Call for Papers Workshop "EU POLITICS OF MEMORY", GLOBAL GOVERNANCE PROGRAMME/RSCAS (EUI) and COST Action IS1203

http://globalgovernanceprogramme.eui.eu/news-events/call-for-papers-eu-politics-of-memory/

Proposals for papers should contain a title and a brief summary (up to 300 words). Deadline for submission is 30th November 2014. Applicants should include a brief CV. Papers accepted will be taken into consideration for the publication agenda of the Working Group on Politics of Memory. Proposals should be uploaded at http://www.rscas.org/registration_form/?p=1425

Since its origin, the EU constructed a narrative based on the reconciliation among former enemies. 9th May symbolized the transit from confrontation and the end of WWII to reconciliation and European integration.
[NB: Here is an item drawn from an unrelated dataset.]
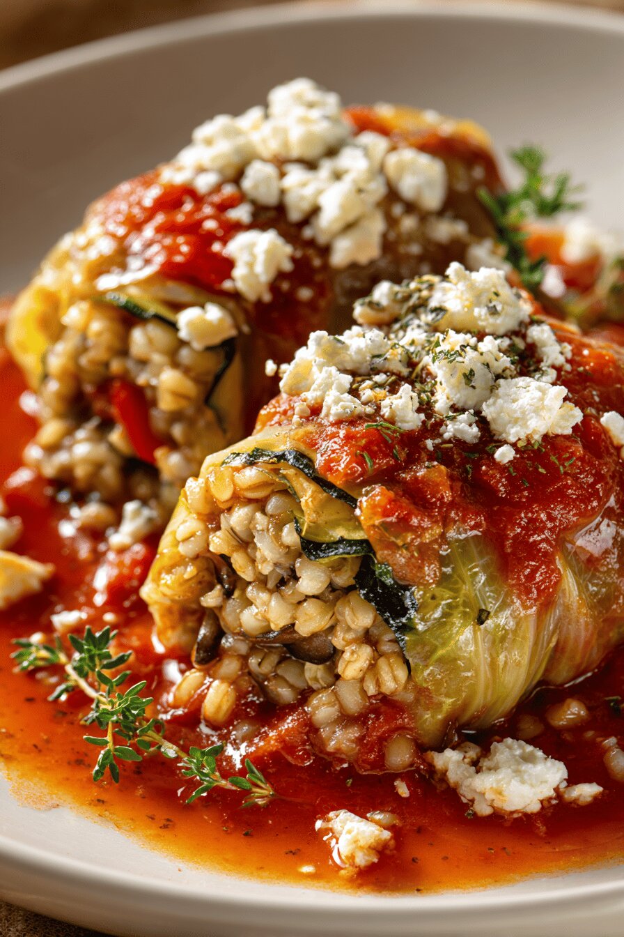 Couve cozida enrolada, mas não na forma tradicional. Aqui ela abraça cevada, diferente do arroz mais comum. Os legumes dão textura e cor. Cogumelos, cebola, pimentão, berinjela, tudo refogado com azeite e vinho branco. O queijo coalho no final, em vez da feta, traz um sabor nordestino. Molho de tomate florido, ideal para cobrir tudo. Cozido devagar, forno baixinho, paciência para couve ficar macia, mas firme. Pode ir com ou sem carne, adaptável. Receita vem da cozinha de casa, mistura simples, tempo longo. Resultado não é só comida, é ideia. Para quem curte juntar legumes, grãos e temperos de maneira diferente. Resistência e sabor. Porção para família ou amigos.

This narrative went largely unchallenged. In the 1990s, some policies related to the remembrance of Holocaust added a new layer of memory policies. The 2004 enlargement triggered a certain conflict on these common grounds. On the one hand, applicant states had to adapt to existing mainstream EU memory policies as an implicit part of the acquis. On the other hand, politicians and intellectuals in acceding states demanded the development of policies which took into account the specific memories of Central and Eastern European States associated with the experience of totalitarian communist regimes. Claims for recognition of these memories emerged in different European institutional and non-institutional sites and actors used different strategies to further their claims. This workshop wants to explore the different dimensions involved in shaping EU memory policies: the conflicts on diverging and often contested memory facts and their projection to the EU/European level; the role of different group of actors as memory entrepreneurs at the supranational level, their cooperation and competition; the role of EU institutions; the strategies pursued by actors and institutions; the fitting of EU policies with national policies, etc. The workshop invites papers analyzing specific policy issues (denial of crimes, EU memory museum policies, comparing different national cases of actors/strategies in pursuing these European policies, theoretical papers, etc. Single country cases are not preferred although submissions may be considered and decided upon on the basis of their merits.